Наталья Горбаневская
Со свободой печати плохо
Вообще, если бы в тот момент, когда, сидя за машинкой в чужой пустой квартире, я закончила первый выпуск, потом сделала к нему титульный лист – с вышеуказанным заголовком, подзаголовком и, главное, с текстом ст. 19 Всеобщей декларации прав человека в качестве эпиграфа (и этот эпиграф сохранился до конца!), – если бы тогда мне кто-нибудь сказал, что «Хроника» проживет пятнадцать с лишним лет, я была бы удивлена. Но если бы кто-нибудь мне сказал: «Она не проживет пятнадцать лет», – я бы ответила: «А почему? Почему бы ей не прожить пятнадцать лет? (…)
А что сейчас? Все мы знаем, что со свободой печати в России плохо. Плохо – в сравнении с девяностыми годами, когда свобода печати была полной. Мы знаем, что сейчас журналист в России может и погибнуть – от пули или яда «неизвестных преступников». Мы знаем, что власть полностью подчинила себе телевидение, почти полностью радио и, за немногими исключениями, бумажную прессу.

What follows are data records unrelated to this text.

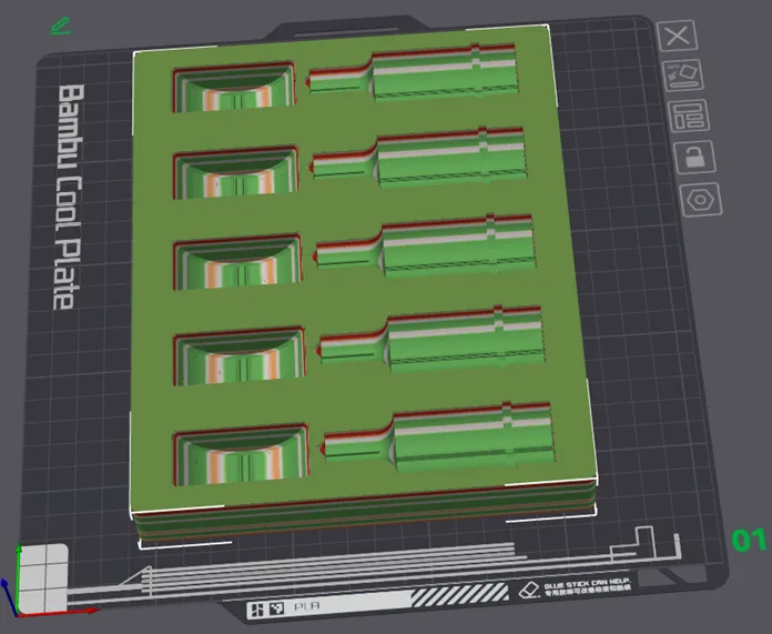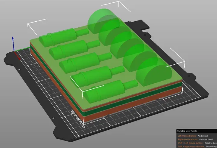 Tôi khuyên bạn nên in cái này với 5 hoặc nhiều lớp bao quanh (perimeters) và số lớp trên/dưới tương tự. Sau đó, bơm đầy theo kiểu con quay hồi chuyển (gyroscopic) 10% và bạn sẽ có một khay đựng dụng cụ khá chắc chắn để chứa bộ khuôn đấm và khuôn cắt MetalPro của bạn. Hình ảnh tôi đính kèm cho thấy độ cao lớp thay đổi (variable layer heights) mà tôi đã sử dụng để làm mịn phần đáy tròn của các lỗ nơi đặt dụng cụ. Tôi chỉ cần điều chỉnh độ cao lớp xuống mức nhỏ nhất ở đáy các đường cong và để thô ở những chỗ khác. Tôi chỉ đang cố gắng hoàn thành bản in càng sớm càng tốt nhưng vẫn đảm bảo chất lượng hình ảnh tương đối tốt.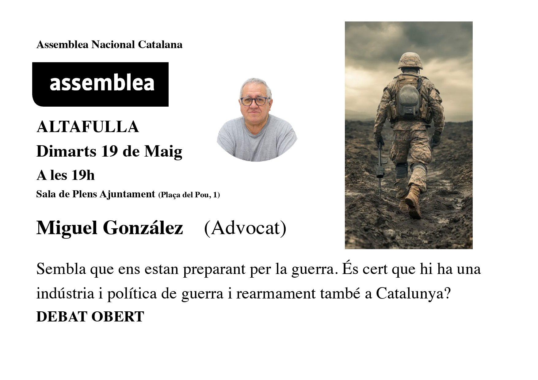 L'indústria i política de guerra a Catalunya? se celebra el dimarts, 19 de maig del 2026, a les 19:00, a Altafulla.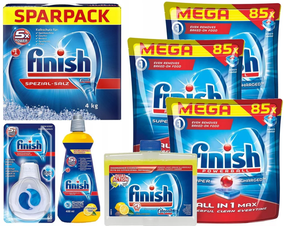 - Finish – бренд принадлежит крупной компании RB, начиная с 1953 года. Как только в продажу поступили посудомоечные машины, тут же появилась сопутствующие средства для нее с таким именем от британско-нидерландской компании. Сегодня продукция пользуются большой популярностью более чем в 40 странах мира.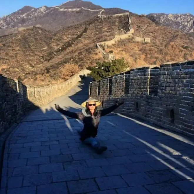 登个长城都要表演个一字马劈叉,试问还有哪个天后能做到。
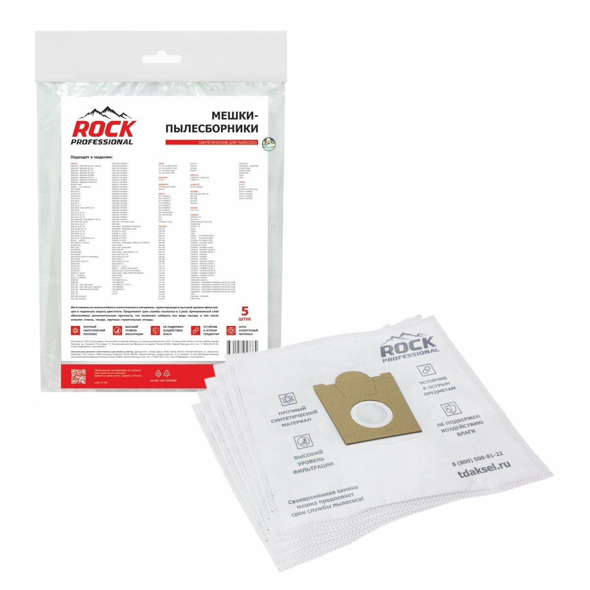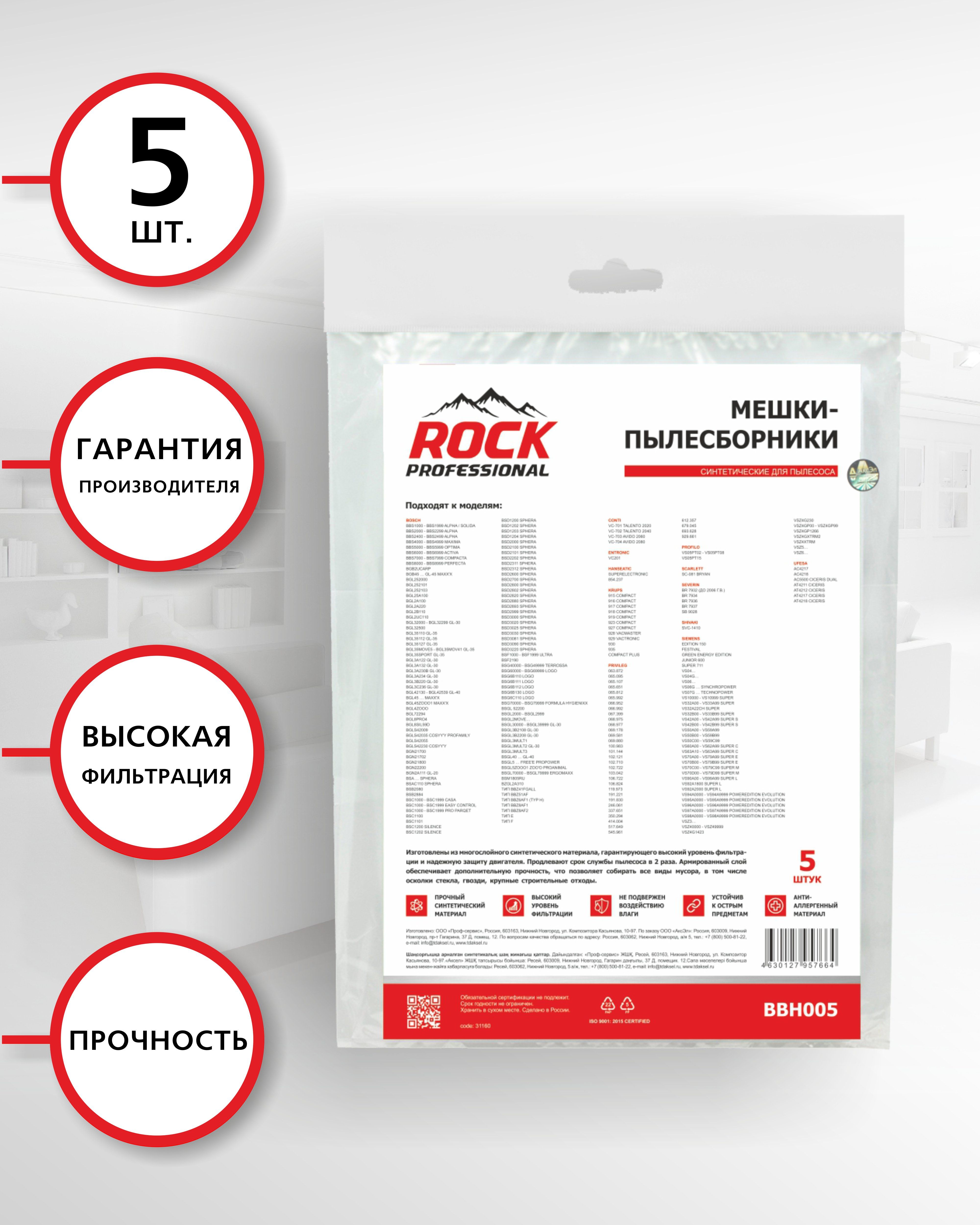 ROCK professional BBH005 Мешки для пылесоса BOSCH, 5 шт., синтетические, многослойные, подходят: SIEMENS, SCARLETT, UFESA /пылесборники

Мы знаем и другое: что общество с удовольствием глотает выходящие огромными тиражами глянцевые журналы, а «марши несогласных», демонстрации, пикеты собирают горстку людей. И всё-таки пока это больше походит на какую-нибудь латиноамериканскую или африканскую диктатуру, чем на наши советские времена (о ленинско-сталинских я уж и не говорю). Одна из причин – а может быть, просто главная причина этого – существование Интернета[39].